- Born: May 2005 Brooklyn, New York
- Died: August 9, 2006 (aged 1) Queens, New York
- Cause of death: Struck and killed by an automobile

= Fred the Undercover Kitty =

Domestic shorthaired cat

Fred the Undercover Kitty (May 2005 – August 9, 2006) was a domestic shorthaired cat who gained attention for his undercover work with the New York Police Department and the Brooklyn District Attorney's Office in the arrest of a suspect posing as a veterinary care provider.

==Early life and adoption==

Fred was born in the spring of 2005 in Brooklyn, New York. In September 2005, he was rescued by Animal Care & Control of New York City, suffering from severe pneumonia and a collapsed lung. Fred was adopted by assistant district attorney Carol Moran, as part of a foster care program run by Animal Care & Control of New York City, and was nursed back to health.

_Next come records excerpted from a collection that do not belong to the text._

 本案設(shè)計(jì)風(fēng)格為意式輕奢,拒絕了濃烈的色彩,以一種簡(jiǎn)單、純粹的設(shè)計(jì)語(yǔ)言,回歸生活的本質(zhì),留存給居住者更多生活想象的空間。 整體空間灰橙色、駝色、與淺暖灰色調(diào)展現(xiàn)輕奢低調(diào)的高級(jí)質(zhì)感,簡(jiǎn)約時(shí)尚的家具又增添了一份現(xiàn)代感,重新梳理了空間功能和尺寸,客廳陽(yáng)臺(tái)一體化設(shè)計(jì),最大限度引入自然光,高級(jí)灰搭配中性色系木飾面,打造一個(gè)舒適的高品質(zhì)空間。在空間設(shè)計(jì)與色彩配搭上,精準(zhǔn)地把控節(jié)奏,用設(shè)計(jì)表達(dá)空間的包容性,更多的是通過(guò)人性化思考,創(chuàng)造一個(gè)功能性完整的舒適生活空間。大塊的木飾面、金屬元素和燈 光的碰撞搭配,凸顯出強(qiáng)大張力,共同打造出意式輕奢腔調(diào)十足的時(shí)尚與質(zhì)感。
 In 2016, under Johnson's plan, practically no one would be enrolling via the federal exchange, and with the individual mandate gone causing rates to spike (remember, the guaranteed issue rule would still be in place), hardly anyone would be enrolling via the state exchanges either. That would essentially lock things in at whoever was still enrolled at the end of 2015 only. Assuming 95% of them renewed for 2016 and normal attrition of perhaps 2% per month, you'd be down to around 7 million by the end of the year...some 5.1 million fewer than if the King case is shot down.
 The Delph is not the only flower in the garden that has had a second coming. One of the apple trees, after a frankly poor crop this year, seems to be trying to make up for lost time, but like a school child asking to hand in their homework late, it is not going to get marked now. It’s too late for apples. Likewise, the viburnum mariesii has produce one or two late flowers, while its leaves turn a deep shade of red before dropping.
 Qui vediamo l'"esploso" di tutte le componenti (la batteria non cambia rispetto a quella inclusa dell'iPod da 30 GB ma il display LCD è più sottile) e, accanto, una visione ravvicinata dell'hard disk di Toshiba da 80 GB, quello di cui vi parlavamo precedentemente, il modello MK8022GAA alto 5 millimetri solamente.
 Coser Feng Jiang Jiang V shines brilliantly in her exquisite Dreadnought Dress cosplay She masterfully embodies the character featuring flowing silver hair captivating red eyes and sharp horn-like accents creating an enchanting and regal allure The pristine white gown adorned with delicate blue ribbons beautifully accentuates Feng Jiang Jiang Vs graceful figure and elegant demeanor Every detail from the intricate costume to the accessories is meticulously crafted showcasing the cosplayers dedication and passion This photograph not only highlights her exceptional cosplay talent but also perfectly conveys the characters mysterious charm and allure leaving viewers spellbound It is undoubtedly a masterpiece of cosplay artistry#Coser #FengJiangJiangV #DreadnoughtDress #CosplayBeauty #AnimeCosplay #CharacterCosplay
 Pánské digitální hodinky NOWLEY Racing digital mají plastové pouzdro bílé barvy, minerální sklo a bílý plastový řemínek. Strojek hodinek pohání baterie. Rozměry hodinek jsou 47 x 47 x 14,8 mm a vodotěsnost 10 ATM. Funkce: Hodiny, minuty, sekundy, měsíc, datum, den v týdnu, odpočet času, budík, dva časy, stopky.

Fred and his brother George were named after Fred and George Weasley, the prankster brothers in the Harry Potter series of novels created by J.K. Rowling.

==Law enforcement career and honors==
In February 2006, Fred was enlisted by the Brooklyn District Attorney’s office as an undercover agent, posing as a would-be patient to help the NYPD apprehend Steven Vassall, a Brooklyn man suspected of acting as a veterinarian without proper license or training. Working with human undercover detective Stephanie Green-Jones, Fred was bait in a February 3, 2006, sting operation to apprehend Steven Vassall, who was charged with unauthorized veterinary practice, criminal mischief, injuring animals and petty larceny. In May 2007, Vassall pleaded guilty to the charges of fraud and practicing veterinary medicine without a licence. As a result of his plea he was sentenced to probation and mandatory psychiatric treatment.

On May 18, 2006, Fred was presented with a Law Enforcement Appreciation Award by Brooklyn district attorney Charles J. Hynes. Fred was later honored on July 8, 2006, at "Broadway Barks 8!", the New York City Theater District’s dog and cat adopt-a-thon benefit hosted by Mary Tyler Moore and Bernadette Peters. He was presented with the Mayor’s Alliance Award, which is given to remarkable animals.

==Later life==

Following the sting operation, Fred began to receive training as a therapy animal, with the purpose of becoming a teaching-animal in the district attorneys office's "Legal Lives" program. Here, he would be taken into classrooms to help teach children how to treat and care for animals. The owner also received offers from animal talent agencies for him to have spots in television commercials.

==Death==

Fred died on August 9, 2006, when he escaped from his home in Queens, New York, and was struck and killed by a car. Fred was 15 months old.